TRÊS HOMENS A CONVERSAR SOBRE O QUE LHES VEM À CABEÇA As mulheres já não me dão tesão. Então porquê? Não sei bem porquê. A mim, cada vez dão mais. E eu estou activo como nos primeiros dias. Pois Mas não sei o que se passa comigo. Vai a um médico. Aconselho uma médica. Isto é um problema mais psicológico, talvez. Também há médicos para isso. Pois Mas isto não me preocupa. Então?! Até me sinto bem assim. Não penso nelas, nem sinto necessidade delas. Acho que deves mesmo ir a um médico! Sinto-me melhor assim porque tenho a cabeça mais livre. Eu gosto de me sentir preso. Adoro!
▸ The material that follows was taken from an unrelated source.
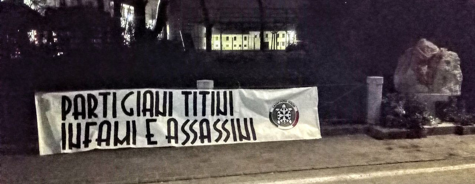 “Partigiani titini infami e assassini”: è questo il testo dello striscione apparso in oltre cento città italiane in occasione del Giorno del Ricordo, affiancato dalla 'tartaruga frecciata' simbolo di CasaPound Italia.

Aquela coisa de andar sempre com mulheres na cabeça, a olhar para esta, a olhar para aquela, a ver se come hoje uma, amanhã outra, já não é para mim. Andar atrás de mulheres como se isso fosse o principal objectivo da vida, não! Há qualquer coisa de estranho nisso. É doentio. Já não é para mim. Eu adoro certas coisas doentias. Mas tu és um depravado, também não serves de exemplo a ninguém. Essa é boa! É uma parvoíce. Dilui-se a nossa personalidade na personalidade de uma mulher, ou de um homem, se for esse o caso, por uns instantes de prazer.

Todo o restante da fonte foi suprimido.